I’m looking to probably purchase an older 12 gauge English made boxlock with 2 1/2 inch chambers. The specific gun I am looking at has been Nitro Proofed in England. I do not know if there is enough metal in the barrels for it to be opened up to 2 3/4 inch (70mm) chambers. Nor do I know if I would want to change the original specs. of the gun.
I currently do a lot of clay shooting, skeet, sporting clays and a little trap. As such I do a lot of reloading. In fact I have 2 MEC presses set up for reloading 12 gauge, the MEC 600 jr. and a 9000 grabber.
My question is, can I reload 2 and 1/2 inch hulls, and if yes, where do I find published recipes as well as the correct components. I have a pretty good source for B & P 2 1/2 hulls, as well as some Estate hulls and Gamebore hulls. I was thinking I that I could adjust the 600 jr. press with a 1/4 inch spacer available through Precision Reloading in CT?
My second question is whether I can just put light 2 3/4 shells in. The guy selling the gun says yes, but I’m skeptical as to the safety of this? They will fit obviously, but they impinge 5mm or so into the forcing cones, wonder if this would also probably adversely affect pattern?

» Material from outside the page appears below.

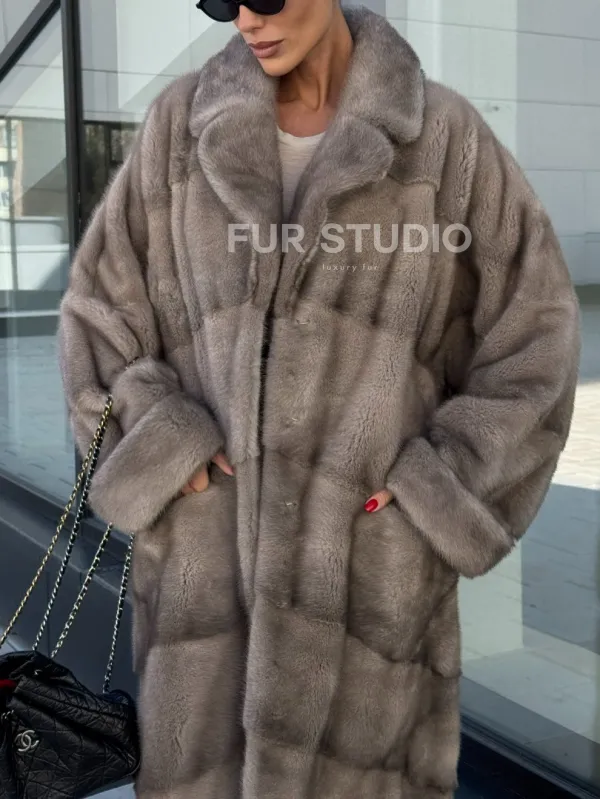 Шуба из меха норки в стиле «Oversize» - цвет сильвер 100990

I’ve heard of lots of people using light 2-3/4″ shells in 2-1/2″ chambers. I don’t do it and I don’t like it. What happens is that the shell unfolds into the forcing cone. This creates a bottleneck. I’m not so concerned about poor patterns as I am about excessive pressures. Some people say that modern thin plastic cases don’t cause as much a problem in this respect as the older thick paper hulls for which the gun was made. I still don’t like doing it.

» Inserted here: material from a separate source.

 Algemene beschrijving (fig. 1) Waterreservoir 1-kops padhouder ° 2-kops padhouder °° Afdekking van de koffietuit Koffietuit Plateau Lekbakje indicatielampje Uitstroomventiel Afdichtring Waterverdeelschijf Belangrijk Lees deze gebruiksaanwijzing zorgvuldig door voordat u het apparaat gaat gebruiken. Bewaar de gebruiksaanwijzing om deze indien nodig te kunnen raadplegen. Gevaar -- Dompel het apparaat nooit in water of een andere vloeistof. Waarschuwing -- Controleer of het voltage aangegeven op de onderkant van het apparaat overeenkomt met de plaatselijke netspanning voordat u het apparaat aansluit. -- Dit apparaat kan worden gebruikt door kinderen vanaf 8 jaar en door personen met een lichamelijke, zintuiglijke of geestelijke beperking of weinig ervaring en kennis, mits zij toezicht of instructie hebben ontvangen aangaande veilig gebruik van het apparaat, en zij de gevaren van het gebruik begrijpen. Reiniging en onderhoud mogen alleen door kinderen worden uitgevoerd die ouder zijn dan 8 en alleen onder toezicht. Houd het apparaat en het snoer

I measured some of my 2-1/2″ shells. All measurements are of a loaded and fully crimped (6 or 8 point) shell, not an empty case. Still, it’s a good comparison on length as it’s apples to apples since they use the same crimps.
Standard American 2-3/4″ target load length is 2.33″ Purdey 2-1/2″ paper shell made by Eley is 2.17″ Victory Europa 2-1/2″ plastic shell “65 mm for English guns” is 2.19″ “Red Grouse” 2-1/2″ paper shell with a “67 mm case” made for Malloch in Perthshire is 2.20″
I’ve also heard of people simply lengthening the forcing cones on 2-1/2″ chambers and then using 2-3/4″ shells. I don’t do it and I don’t like it. You will be easing up the pressure bottleneck, but you will also be thinning the chamber walls just where there is maximum pressure.
As to lengthening the chambers from 2-1/2″ to 2-3/4″, again I don’t do it and I don’t like it. BUT I do shoot a gun (1926 Webley and Scott 500 12 ga. 2-1/2″ boxlock) to which it was done by a previous owner. I use modest pressure one ounce 2-3/4″ shells in it and nothing has blown in 20 odd years. The gun was originally proofed for 2-1/2″ 1-1/8 oz loads, but I don’t even go that far. So far so good, as the guy who jumped off the building said as he passed each window on the way down. Still, I don’t recommend that you lengthen the chambers. Your gun may have a thinner barrel or some interior flaw.
I’m reluctant to recommend or even countenance any barrel modifications at all because I don’t want people calling me from the emergency room. Still, I certainly have to recognize that lots of people run cones and lengthen chambers on these old guns. If you have a trusted gunsmith, have him take a look at your gun. Get his advice. Call him from the emergency room.
Yes, you positively can reload 2-1/2″ shells. The hardcover “Hodgdon Powder Shotshell Data Manual” (Hodgdon Powder Company, 1996) has a few recipes for reloading 2″ and 2-1/2″ 12 gauge shells. It also has a couple of pages on setting up a Dremel tool in a hobby press to cut back 2-3/4″ cases to the proper length.
As to a reloading machine, for 2-1/2″ shells, you can get a conversion plate for a MEC single stage reloader (Mayville Engineering Co. that will elevate the hull so that it runs through the single stage machine normally. This is probably the same set that Precision Reloading is selling.
For readers with 2″ guns who are reading this, you 2″ shooters can use any reloader to resize, deprime, reprime, drop shot and drop powder. Then you use a roll crimp on a drill press to do your crimping. You can get a roll crimp tool from Ballistic Products at Ballistics Products, Inc.
As to proper wads for the short shells, Ballistic Products will have what you need.
You can also buy plenty of 2-1/2″ shells on the market. In addition to the hulls you have, you can also get 2-1/2″ shells from RST, Classic Shotshell Co, Inc.
I highly recommend the 2-1/2″ English game guns. My W&S 500 series with 28″ bbls weighs an exact 6# 4oz even after I cut the checkered butt off and added a pad to get extra length for my long arms. It’s interesting to note that this W&S weighs exactly the same as my 28″ bbl 3″ chambered 20 gauge Fabrique Nationale Superposed. It just shows the difference in philosophy between the light 12 and the heavy 20 camps. One ounce 1150 fps loads from my light 12 seem to hit the birds harder than the one ounce 1150 fps loads from my 20. Perhaps one gun just fits me better than the other, but the large bore/short shotstring thing could have something to do with it, especially with the larger #5 shot I prefer on pheasants. I’ve just never had the faith in the 20 that I have in the 12. Uh oh. Shouldn’t have said that.